[Available data]:
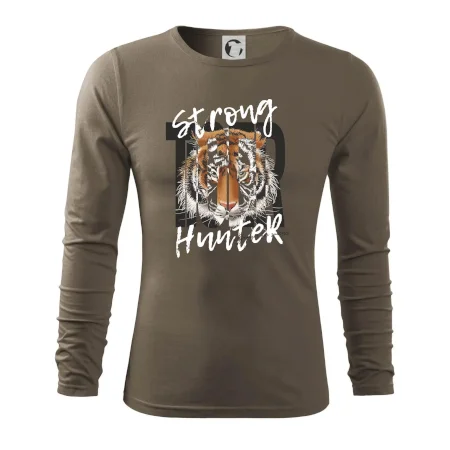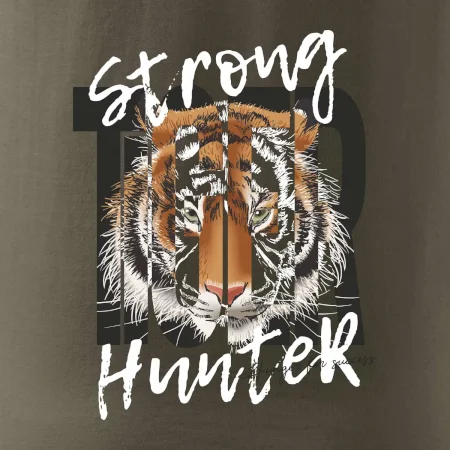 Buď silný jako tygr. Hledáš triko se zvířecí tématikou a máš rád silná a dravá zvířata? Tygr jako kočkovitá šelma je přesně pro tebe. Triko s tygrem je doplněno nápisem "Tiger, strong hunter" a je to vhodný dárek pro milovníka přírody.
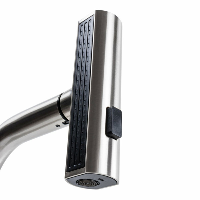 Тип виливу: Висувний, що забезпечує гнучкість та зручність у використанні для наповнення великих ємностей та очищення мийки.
---
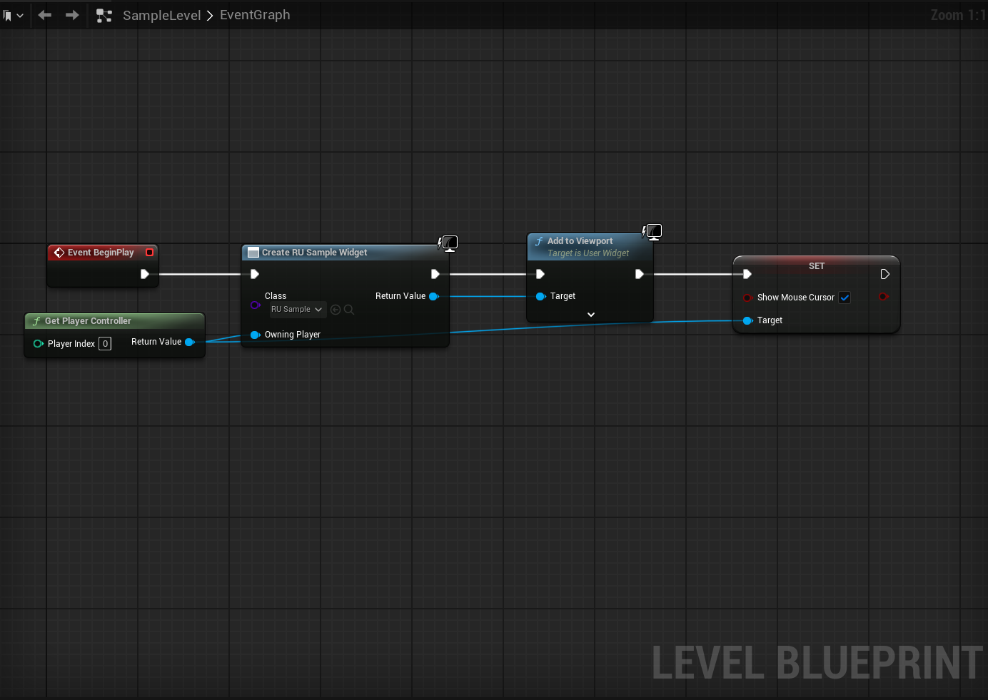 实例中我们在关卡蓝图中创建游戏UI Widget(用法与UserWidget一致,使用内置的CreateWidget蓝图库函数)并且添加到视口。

[Required work]: Exactly the lines above from the one that contains "Buď silný jako" down to the one that contains "Тип виливу: Висувний, що" are to be output, both ends kept and pictures omitted.

[Problem solution]:
 Buď silný jako tygr. Hledáš triko se zvířecí tématikou a máš rád silná a dravá zvířata? Tygr jako kočkovitá šelma je přesně pro tebe. Triko s tygrem je doplněno nápisem "Tiger, strong hunter" a je to vhodný dárek pro milovníka přírody.
 Тип виливу: Висувний, що забезпечує гнучкість та зручність у використанні для наповнення великих ємностей та очищення мийки.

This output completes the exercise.